[Items listed in a dataset]

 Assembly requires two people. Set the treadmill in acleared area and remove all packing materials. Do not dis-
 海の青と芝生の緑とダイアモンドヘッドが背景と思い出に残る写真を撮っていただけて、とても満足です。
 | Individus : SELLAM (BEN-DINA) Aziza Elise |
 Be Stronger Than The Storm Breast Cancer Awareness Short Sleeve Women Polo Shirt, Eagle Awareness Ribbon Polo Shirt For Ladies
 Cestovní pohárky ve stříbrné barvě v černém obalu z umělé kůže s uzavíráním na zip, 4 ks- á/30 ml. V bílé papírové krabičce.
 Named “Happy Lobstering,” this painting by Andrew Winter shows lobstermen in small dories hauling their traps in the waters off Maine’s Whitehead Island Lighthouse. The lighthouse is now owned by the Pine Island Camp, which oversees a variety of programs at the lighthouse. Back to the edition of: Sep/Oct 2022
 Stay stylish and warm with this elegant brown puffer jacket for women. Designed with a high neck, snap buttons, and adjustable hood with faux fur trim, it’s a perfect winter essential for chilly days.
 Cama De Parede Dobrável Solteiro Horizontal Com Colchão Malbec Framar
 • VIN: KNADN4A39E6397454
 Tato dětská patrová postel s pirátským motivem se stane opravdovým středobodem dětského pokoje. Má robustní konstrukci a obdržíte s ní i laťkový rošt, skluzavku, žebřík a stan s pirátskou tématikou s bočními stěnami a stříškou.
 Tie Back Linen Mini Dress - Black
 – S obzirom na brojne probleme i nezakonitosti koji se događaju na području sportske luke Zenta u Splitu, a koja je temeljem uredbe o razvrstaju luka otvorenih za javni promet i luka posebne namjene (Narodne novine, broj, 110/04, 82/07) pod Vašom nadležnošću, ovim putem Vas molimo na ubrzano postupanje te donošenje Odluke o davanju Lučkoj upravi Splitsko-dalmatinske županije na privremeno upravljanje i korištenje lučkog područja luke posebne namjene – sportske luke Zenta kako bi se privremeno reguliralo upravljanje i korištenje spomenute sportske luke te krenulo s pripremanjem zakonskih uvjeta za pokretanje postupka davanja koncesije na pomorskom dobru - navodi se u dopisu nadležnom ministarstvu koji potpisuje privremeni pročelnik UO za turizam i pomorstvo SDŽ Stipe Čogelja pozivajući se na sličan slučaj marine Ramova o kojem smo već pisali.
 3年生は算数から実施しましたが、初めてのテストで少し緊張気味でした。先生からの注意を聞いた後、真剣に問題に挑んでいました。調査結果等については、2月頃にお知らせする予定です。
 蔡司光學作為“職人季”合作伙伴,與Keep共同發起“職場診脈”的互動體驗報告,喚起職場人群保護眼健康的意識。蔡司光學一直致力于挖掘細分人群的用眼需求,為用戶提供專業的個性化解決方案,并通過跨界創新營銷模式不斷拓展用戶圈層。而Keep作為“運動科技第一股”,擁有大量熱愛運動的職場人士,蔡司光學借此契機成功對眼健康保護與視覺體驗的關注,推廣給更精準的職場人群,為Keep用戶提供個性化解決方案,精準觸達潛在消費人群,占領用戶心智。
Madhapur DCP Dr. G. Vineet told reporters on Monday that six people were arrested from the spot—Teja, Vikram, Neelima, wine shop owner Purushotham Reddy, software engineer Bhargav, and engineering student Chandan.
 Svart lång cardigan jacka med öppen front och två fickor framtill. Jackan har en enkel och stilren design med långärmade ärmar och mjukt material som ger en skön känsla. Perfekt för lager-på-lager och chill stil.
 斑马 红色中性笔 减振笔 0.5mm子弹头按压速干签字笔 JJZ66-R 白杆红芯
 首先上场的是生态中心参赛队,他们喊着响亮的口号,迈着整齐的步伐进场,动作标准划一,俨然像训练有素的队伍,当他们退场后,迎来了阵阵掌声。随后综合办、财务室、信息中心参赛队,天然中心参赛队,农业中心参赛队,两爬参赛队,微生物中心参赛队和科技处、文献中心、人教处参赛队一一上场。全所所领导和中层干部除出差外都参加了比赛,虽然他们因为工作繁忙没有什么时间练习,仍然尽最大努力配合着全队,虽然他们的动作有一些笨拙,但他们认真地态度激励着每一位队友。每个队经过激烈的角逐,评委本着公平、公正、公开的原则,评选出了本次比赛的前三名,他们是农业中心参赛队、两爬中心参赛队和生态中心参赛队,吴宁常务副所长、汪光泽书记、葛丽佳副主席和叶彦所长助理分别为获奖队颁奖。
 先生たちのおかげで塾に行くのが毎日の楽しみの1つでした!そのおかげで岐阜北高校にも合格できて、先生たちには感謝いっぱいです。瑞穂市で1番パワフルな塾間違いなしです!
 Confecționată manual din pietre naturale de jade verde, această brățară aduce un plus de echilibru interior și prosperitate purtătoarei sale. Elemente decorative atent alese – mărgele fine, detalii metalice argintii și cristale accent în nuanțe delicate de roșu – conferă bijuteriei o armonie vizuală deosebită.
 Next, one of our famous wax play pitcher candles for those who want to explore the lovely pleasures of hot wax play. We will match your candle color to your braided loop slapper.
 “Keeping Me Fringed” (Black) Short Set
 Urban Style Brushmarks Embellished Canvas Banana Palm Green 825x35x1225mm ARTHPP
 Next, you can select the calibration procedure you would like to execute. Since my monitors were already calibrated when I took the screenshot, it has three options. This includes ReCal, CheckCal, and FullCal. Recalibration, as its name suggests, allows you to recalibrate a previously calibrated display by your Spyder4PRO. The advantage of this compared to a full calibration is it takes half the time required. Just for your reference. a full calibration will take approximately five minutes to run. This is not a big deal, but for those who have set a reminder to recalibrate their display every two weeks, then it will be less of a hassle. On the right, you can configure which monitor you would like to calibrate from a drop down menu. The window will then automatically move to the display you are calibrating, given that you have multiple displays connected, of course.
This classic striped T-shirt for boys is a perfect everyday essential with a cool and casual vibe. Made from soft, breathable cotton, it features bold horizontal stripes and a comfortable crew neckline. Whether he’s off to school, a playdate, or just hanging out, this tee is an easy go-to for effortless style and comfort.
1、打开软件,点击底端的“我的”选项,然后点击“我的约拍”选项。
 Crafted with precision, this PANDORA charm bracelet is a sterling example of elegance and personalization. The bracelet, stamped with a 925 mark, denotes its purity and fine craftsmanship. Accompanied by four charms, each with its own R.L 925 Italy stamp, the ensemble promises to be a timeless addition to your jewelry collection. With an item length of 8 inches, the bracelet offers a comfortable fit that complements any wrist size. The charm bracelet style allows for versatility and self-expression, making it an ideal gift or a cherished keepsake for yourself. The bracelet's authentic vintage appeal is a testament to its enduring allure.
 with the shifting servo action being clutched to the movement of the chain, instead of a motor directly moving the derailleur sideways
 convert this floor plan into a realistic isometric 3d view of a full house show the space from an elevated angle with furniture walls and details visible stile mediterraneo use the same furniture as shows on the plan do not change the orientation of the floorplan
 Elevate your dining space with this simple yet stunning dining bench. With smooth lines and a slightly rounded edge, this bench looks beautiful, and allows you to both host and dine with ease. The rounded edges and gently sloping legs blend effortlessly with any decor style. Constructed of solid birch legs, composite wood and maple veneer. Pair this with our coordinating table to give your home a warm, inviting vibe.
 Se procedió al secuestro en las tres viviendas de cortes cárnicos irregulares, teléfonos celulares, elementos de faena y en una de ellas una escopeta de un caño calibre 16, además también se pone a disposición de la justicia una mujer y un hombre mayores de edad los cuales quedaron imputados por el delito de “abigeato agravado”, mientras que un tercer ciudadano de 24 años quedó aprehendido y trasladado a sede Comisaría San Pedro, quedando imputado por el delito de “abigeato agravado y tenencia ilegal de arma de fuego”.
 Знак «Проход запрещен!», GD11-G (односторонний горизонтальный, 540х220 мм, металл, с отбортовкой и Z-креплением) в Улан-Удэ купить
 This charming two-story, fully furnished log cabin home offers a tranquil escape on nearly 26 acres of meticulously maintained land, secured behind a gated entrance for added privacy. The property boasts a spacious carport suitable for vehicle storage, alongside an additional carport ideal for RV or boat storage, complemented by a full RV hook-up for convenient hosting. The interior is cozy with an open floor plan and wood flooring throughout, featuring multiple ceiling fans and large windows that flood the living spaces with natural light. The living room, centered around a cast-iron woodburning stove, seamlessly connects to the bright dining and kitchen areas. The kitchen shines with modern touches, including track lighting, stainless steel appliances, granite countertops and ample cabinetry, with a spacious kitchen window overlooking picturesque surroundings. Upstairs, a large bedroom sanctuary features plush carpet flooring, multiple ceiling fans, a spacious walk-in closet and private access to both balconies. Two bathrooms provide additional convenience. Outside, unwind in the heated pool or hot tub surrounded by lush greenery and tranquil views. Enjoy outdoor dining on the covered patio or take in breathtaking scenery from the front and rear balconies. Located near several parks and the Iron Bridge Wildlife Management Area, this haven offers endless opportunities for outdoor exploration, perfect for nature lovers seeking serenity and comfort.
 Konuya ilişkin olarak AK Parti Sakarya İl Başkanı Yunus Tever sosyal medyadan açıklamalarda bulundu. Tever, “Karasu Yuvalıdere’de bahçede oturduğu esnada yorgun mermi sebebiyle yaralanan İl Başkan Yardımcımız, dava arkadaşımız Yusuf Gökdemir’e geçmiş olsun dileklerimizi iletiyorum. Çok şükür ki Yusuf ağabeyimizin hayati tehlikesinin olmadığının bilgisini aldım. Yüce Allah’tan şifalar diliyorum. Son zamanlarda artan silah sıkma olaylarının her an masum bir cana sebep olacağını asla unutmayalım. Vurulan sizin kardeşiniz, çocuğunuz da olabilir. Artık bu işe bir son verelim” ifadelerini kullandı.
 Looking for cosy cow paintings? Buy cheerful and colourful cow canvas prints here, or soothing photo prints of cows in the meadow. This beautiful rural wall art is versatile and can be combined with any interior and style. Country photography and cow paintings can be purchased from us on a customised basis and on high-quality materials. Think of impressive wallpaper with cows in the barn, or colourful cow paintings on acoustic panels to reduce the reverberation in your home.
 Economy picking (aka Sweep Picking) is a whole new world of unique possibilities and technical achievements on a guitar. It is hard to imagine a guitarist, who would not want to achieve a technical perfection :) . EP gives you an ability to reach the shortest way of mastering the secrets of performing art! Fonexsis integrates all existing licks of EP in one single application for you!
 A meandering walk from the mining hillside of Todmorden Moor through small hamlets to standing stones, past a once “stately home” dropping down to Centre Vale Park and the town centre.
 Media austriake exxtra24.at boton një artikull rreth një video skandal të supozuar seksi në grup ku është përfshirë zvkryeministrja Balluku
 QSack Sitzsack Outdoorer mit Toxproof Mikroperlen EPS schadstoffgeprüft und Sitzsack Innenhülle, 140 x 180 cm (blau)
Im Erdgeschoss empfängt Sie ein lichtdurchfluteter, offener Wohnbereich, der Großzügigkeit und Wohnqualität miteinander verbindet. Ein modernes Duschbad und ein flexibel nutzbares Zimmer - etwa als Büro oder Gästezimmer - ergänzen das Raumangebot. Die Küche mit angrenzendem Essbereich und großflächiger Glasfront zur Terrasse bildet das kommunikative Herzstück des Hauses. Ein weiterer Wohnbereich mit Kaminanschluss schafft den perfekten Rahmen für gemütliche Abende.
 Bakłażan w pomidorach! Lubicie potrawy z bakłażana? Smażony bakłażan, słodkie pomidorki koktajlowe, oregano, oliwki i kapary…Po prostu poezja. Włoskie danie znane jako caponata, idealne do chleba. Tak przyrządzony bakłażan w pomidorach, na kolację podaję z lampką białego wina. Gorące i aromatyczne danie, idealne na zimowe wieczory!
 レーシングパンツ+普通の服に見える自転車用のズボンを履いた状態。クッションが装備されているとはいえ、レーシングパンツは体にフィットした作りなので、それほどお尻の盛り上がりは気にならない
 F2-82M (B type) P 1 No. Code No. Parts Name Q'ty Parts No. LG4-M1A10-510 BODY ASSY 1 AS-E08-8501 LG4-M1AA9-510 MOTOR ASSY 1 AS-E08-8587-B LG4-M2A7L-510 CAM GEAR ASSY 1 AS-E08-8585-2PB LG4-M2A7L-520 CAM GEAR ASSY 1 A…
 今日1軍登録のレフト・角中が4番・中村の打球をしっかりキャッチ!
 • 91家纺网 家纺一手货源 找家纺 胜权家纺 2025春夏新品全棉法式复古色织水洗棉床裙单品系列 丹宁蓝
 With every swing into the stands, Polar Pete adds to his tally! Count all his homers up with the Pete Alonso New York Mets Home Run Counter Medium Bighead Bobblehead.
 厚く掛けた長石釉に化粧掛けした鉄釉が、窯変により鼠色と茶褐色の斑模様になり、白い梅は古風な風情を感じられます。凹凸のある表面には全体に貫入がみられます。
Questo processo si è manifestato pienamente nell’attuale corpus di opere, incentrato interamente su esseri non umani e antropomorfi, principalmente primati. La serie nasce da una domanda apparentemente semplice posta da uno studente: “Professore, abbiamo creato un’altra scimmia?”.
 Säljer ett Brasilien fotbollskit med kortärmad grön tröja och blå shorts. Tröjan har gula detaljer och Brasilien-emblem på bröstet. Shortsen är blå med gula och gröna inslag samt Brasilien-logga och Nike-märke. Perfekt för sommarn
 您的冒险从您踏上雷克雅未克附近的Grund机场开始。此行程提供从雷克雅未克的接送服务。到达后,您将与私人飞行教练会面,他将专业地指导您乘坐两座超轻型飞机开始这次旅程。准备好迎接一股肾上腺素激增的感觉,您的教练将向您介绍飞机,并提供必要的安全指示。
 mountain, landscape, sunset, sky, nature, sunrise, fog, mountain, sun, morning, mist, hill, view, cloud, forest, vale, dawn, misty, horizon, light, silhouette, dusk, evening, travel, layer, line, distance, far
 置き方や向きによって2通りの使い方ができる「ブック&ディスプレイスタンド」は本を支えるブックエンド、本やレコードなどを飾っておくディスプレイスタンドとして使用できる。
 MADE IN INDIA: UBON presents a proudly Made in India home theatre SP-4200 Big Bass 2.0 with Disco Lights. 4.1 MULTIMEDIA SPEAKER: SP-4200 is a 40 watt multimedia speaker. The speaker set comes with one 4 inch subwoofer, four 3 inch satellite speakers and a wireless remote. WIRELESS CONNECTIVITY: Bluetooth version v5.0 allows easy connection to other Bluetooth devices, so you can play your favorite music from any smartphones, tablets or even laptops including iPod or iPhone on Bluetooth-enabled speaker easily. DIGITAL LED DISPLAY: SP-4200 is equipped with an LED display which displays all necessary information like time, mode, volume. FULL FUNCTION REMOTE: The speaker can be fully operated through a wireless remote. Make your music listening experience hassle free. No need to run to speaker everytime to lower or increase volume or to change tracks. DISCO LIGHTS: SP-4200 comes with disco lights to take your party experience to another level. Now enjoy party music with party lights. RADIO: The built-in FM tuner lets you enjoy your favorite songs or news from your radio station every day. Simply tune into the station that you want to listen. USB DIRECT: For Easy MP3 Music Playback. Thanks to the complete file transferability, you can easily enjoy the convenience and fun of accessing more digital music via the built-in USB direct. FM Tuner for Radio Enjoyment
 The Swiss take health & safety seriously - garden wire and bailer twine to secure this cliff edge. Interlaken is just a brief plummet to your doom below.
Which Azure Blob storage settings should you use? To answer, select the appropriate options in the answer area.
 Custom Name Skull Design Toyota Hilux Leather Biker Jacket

> **WORK REQUIRED**
Look for the string "people" in the data above and return every line that has it.

> **RESULT OF THE TASK**
 Assembly requires two people. Set the treadmill in acleared area and remove all packing materials. Do not dis-
Madhapur DCP Dr. G. Vineet told reporters on Monday that six people were arrested from the spot—Teja, Vikram, Neelima, wine shop owner Purushotham Reddy, software engineer Bhargav, and engineering student Chandan.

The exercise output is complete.